Archived article

Please note that tax, investment, pension and ISA rules can change and the information and any views contained in this article may now be inaccurate.

JPMorgan Global Growth & Income's merger with the Scottish Investment Trust has created an attractive vehicle with competitive costs
Thursday 29 Sep 2022 Author: Tom Sieber

At the beginning of September 2022, the Scottish Investment Trust was subsumed into JPMorgan Global Growth & Income (JGGI).

We think this is good news for anyone who has come across from the Scottish Investment Trust and for existing investors in the JPMorgan fund. For those not already invested, now is also a great time to buy shares in the combined entity.

Weakness in sterling has boosted the relative value of global earnings and volatile markets have created opportunities to invest in great businesses at more attractive prices.

THE BACKGROUND

Both trusts can trace their history back to 1887, yet their fortunes have not been the same. The Scottish Investment Trust had underperformed for some time, even lagging when the value investment style came back into faction. In contrast, JPMorgan Global Growth & Income generated strong returns.

The latter comfortably tops the Association of Investment Companies’ Global Equity Income sector over 10 years and over five years it is in a dead heat with Securities Trust of Scotland (STS).
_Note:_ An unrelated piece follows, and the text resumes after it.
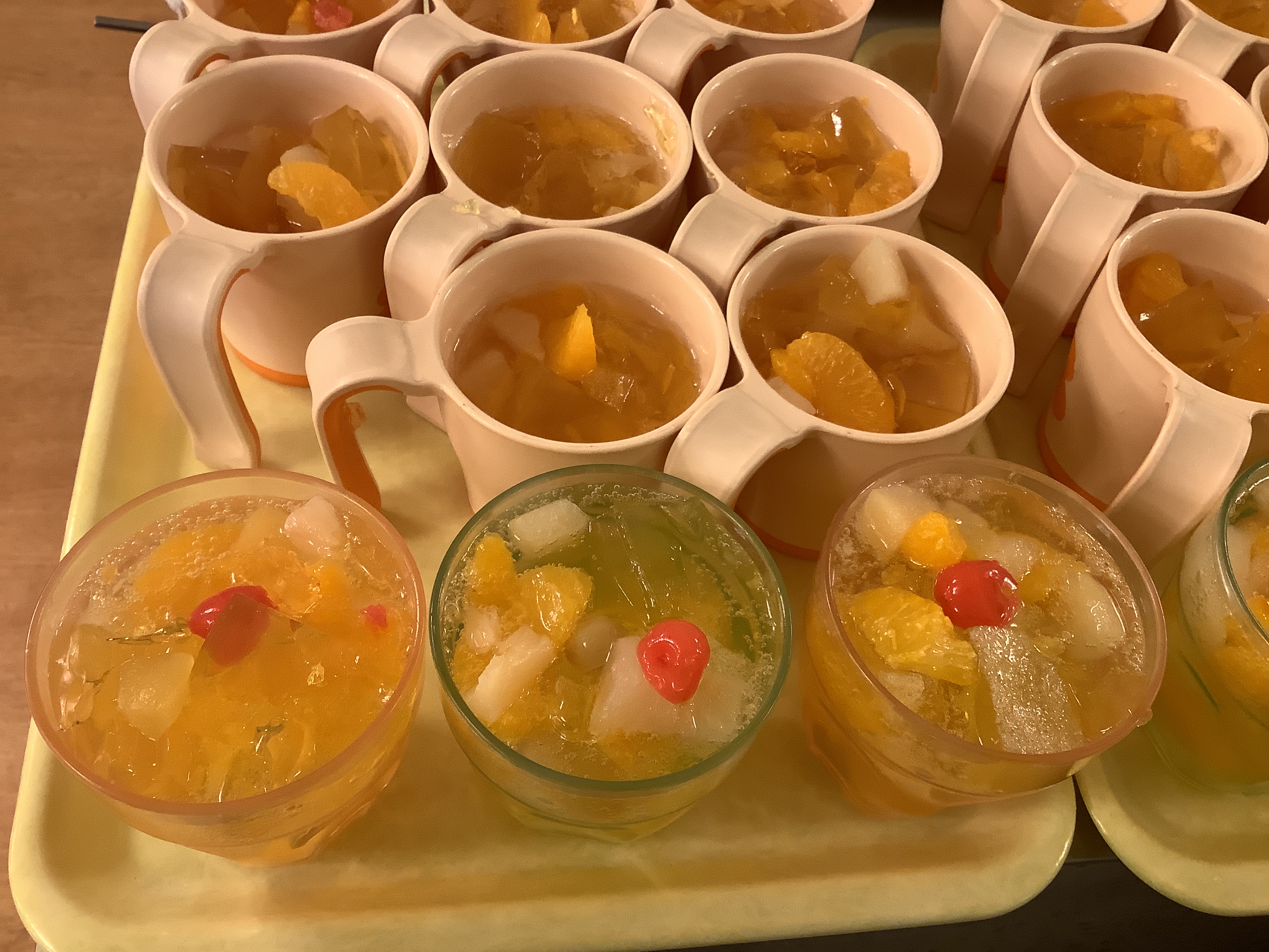 手作りフルーツポンチレクを行いました(*´▽`*) おやつレクは利用者様にも大変好評で今後も沢山行っていきたいです♪

Even comparing it to names in the AIC’s Global sector JPMorgan Global Growth & Income only stands behind Scottish Mortgage (SMT) and Lindsell Train (LTI) over the past decade.
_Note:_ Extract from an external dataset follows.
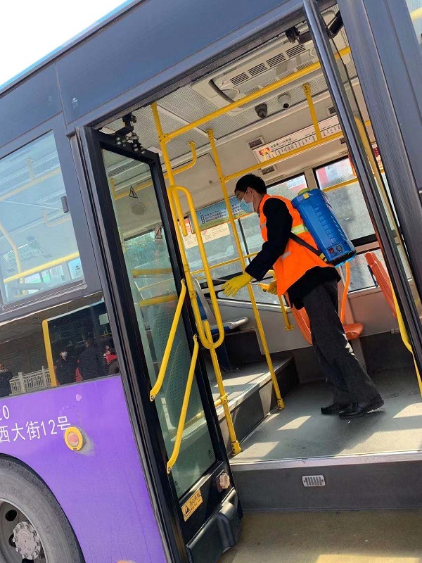安排專(zhuān)人對(duì)公交站臺(tái)、車(chē)輛內(nèi)部進(jìn)行消殺滅菌工作
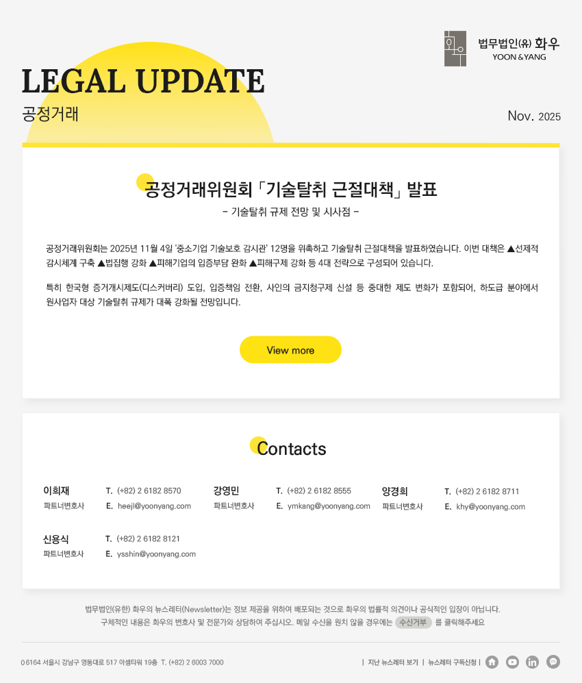 [법무법인(유한) 화우] 공정거래위원회 「기술탈취 근절대책」 발표

Merging it with the Scottish Investment Trust has helped create a vehicle with greater scale – assets are well in excess of £1 billion – and that has resulted in lower costs with an ongoing charge of just 0.53% for the combined entity. 

While JPMorgan Global Growth & Income shares a focus on value with the former Scottish Investment Trust, it is not looking for beaten up companies which can recover. Instead, it hunts for quality businesses trading at attractive prices. Shares in the trust itself trade at a modest 3.8% discount to net asset value.

BACKED BY A SKILLED RESEARCH TEAM

Managed by Helge Skibeli, Raj Tanna and Tim Woodhouse the trust typically holds 50 to 60 stocks. The managers are backed by an experienced group of global analysts who track a universe of 2,500 stocks across 19 different sectors.



As Skibeli notes: ‘Our job as portfolio managers is to capture the very best insights and ideas from this highly-skilled research team. We compose the portfolio such that it has a lower price to earnings ratio than the all-company index and a higher expected growth rate. This is a winning combination and something we make sure is always in place in this portfolio.’

The portfolio managers and research analysts have daily calls where they take a detailed look at the sector and stock-specific outlooks for existing holdings and shares which they are thinking about adding to the portfolio. ‘What is unique about the calls is the incredible diversity of backgrounds and perspectives. This always leads to an exchange of information of views and insights which is highly additive to us as global portfolio managers,’ Skibeli comments.

The focus on identifying compelling individual investments rather than concentrating on any specific sector has resulted in a diversified portfolio. The trust is noticeably underweight technology relative to the wider index and continues to avoid highly valued and unprofitable tech businesses.

Tim Woodhouse points out that top holdings like McDonald’s (MCD:NYSE) and American Express (AXP:NYSE) are ‘very well protected’ from inflation because ‘American Express takes a small slice of every transaction and if prices are rising they get to take a larger slice, while McDonald’s is a franchise business so taking a franchise fee without taking much pain from labour costs or food price inflation’.

Woodhouse and Skibeli identify their favourite stocks as Amazon (AMZN:NDQ) and LVMH (LVMH:BIT) respectively.

Amazon is favoured due to what Woodhouse describes as the ‘underappreciated’ duration of growth in the retail and cloud computing businesses, which should enable it to generate free cash flow of $100 billion by 2026.

According to Skibeli, luxury goods firm LVMH offers ‘a long trajectory of secular growth, meaningfully higher than nominal GDP growth for the next decade’ as well as market share gains in different luxury categories and a business model which underpins faster growth in free cash flow than revenue.

As the name of the trust suggests there is also a focus on income. The trust aims to pay a dividend of 4% of its net asset value in four quarterly payments. Because this can be taken out of income and capital the company can maintain its focus on the best investments rather than chasing lower-quality but high-yielding companies.